To limit the amount of radiation that patients and staff are exposed to during CT procedures, our imaging facilities made targeted alterations to the use of our CT equipment and software implementation of CareDose 4D. We have revamped the radiation safety training program to increase awareness about radiation safety. All of our changes have been in accordance with recommendations by the ACR. In addition, our imaging equipment receives annual “check-ups” by a radiation physicist to ensure it is operating safely and our images earn the highest approval by Centers for Medicare & Medicaid Services (CMS) and the ACR. Additionally, our technologists are trained to use the “As Low as Reasonably Achievable” (ALARA) imaging technique in radiation doses at all times.

Due to all of this, patients can be assured they are receiving the lowest possible exposure while maintaining the highest quality X-ray imaging.

Who We Work With

Our radiologists use the ACR’s Appropriateness Criteria to determine that the most appropriate imaging examinations have been prescribed. Appropriate usage of examinations that do not require radiation (e.g. MRI or ultrasound examinations) prevents unnecessary patient radiation exposure.

  • Our radiologists are actively involved in the ACR and the American Board of Radiology (ABR) so that we can monitor new trends for reducing radiation exposure and implement new standards and guidelines quickly when needed.

Radiology Ltd. is a member of national medical radiation safety campaigns that are working to lower the amount of radiation used in medically necessary imaging studies and eliminating unnecessary procedures.

  • Our radiologists participate in the The Alliance for Radiation Safety in Pediatric Imaging’s “Image Gently”campaign, an initiative to increase awareness of the opportunities to lower radiation doses in the imaging of children.

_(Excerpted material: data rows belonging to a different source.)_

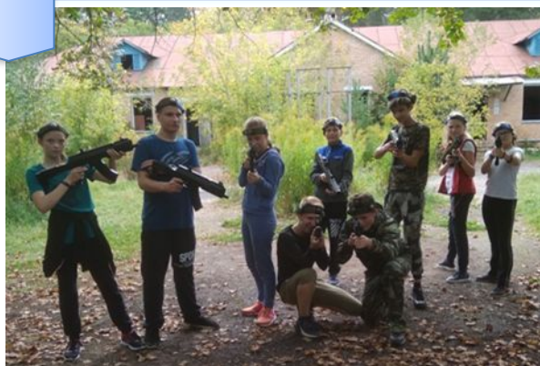
Поездка в «Партизан»

5 сентября мы вместе с родителями ездили в центр военно – патриотических игр «Партизан». Эта поездка была нашим призом по итогам учебного года школьного движения «Наша марка». Мы уже второй год приезжаем туда. Впечатления от поездки самые лучшие!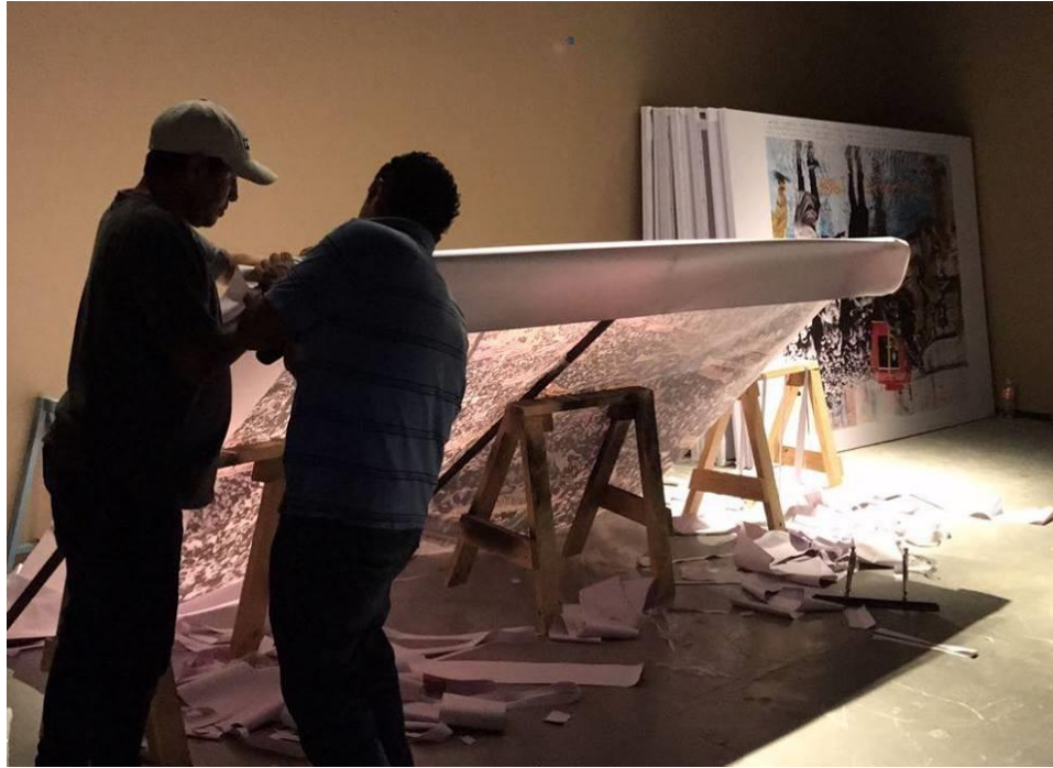
Proceso de montaje para la exposición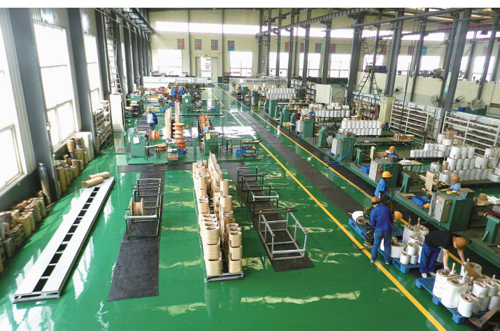
河南天力电气设备有限公司生产车间一派繁忙景象。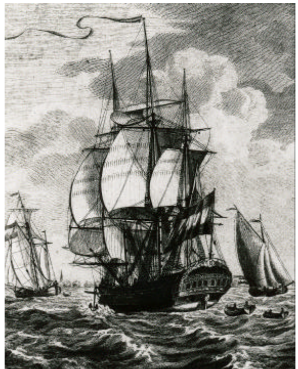
Detail van een prent door M. de Sallieth van het uitzeilen van twee VOC-schepen van de rede van Rammekens, 1781.

Voor elk schip dat vertrok, werd een scheepssoldijboek aangelegd. Deze boeken zijn bewaard gebleven vanaf 1700, en zijn vergelijkbaar met een hedendaagse salarisadministratie. Voor elk bemanningslid werd een dubbele pagina op folioformaat gereserveerd. Daarop staat aangetekend hoe hij heette, waar hij vandaan kwam, welke rang hij aan boord bekleedde, wanneer hij uit dienst ging en waarom, hoeveel hij verdiende, hoeveel daarvan als voorschot was betaald, met welk familielid eventuele schulden en tegoeden konden worden verrekend, enzovoorts. Niet alle informatie is geschikt voor verwerking in een database. Daarom zult u, als u meer wilt weten over een bepaalde persoon, het originele boek moeten raadplegen. Deze originelen bevinden zich in het Nationaal Archief, maar worden daarnaast op microfiche gezet, zodat ze ook bij de archiefdiensten in de VOC-steden kunnen worden geraadpleegd. In de studiezaal van het Zeeuws Archief zijn de microfiches van de Kamers Zeeland, Delft en Rotterdam reeds in te zien. Amsterdam en Enkhuizen-Hoorn volgen. De database met namen van opvarenden wordt de komende tijd aangevuld en is te raadplegen via de website www.voc.mindbus.nl . Het invoeren van de Kamer Zeeland wordt in 2005 voltooid, tot die tijd kunt u ook de indexen inzien die zijn opgenomen in de Verzameling Genealogische Afschriften, in de studiezaal van het Zeeuws Archief.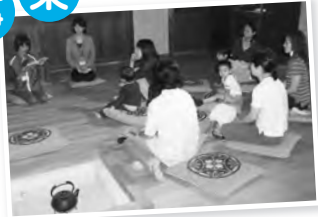
いろいろ端では昔ばなしの読み聞かせが楽しめます

①～⑥とも▷対象 小中学生(⑤を除く)▷とき・定員・費用 下表の通り▷ところ 旧内田家住宅(石神井町5-13池淵史跡公園内)④は石神井公園ふるさと文化館も▷申込 当日会場受け付け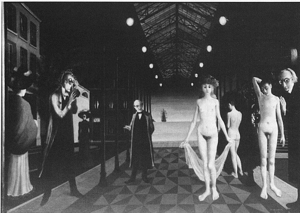
Paul Delvaux: Hommage à Jules Verne , 1971, huile sur toile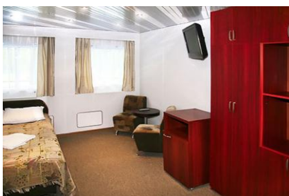
Полулюкс (средняя палуба)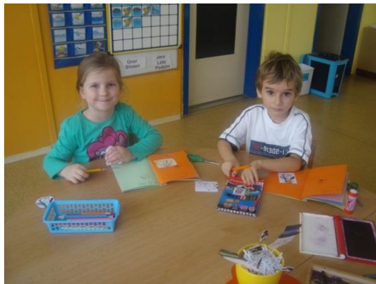
Příloha II. Lepení odměn

Radiology Ltd. also participates in “Image Wisely”, an initiative formed by The Joint Task Force on Adult Radiation Protection. Its purpose is to promote radiation safety in adult medical imaging information

Precautions Radiology Ltd. Takes to Avoid Unnecessary Exposure

Radiology Ltd. participates in rigorous quality assurance and patient safety programs, and takes several steps to ensure that our patients receive only the lowest amounts of radiation necessary to obtain high quality diagnostic imaging examinations. These steps include:

  • All of our radiologists are certified by the ABR and have extensive training in techniques that minimize patient radiation exposure.
  • Educational seminars are provided for our technologists including an annual Radiation Safety Program for all clinical and non-clinical staff.
  • Regular site evaluations are conducted and a Safety Committee consisting of radiologists, technologists and site supervisors meets on a quarterly basis.
  • Regular peer-reviews are held to evaluate past imaging cases to see how we can improve.
  • We have been accredited by the ACR since 1995 for adult imaging and 2007 for pediatric imaging, when ACR accreditation became mandatory.
  • Because the advanced imaging equipment at all of our facilities is accredited by the ACR, it means the equipment is regularly inspected and calibrated by medical imaging physicists to ensure that patient radiation exposure is appropriately limited.
  • Our medical imaging technologists are licensed and trained to monitor patient radiation exposure on equipment.
  • The radiation exposure for each CT examination is adjusted based on the size of the individual patient. This allows us to minimize radiation exposure doses for children undergoing examinations.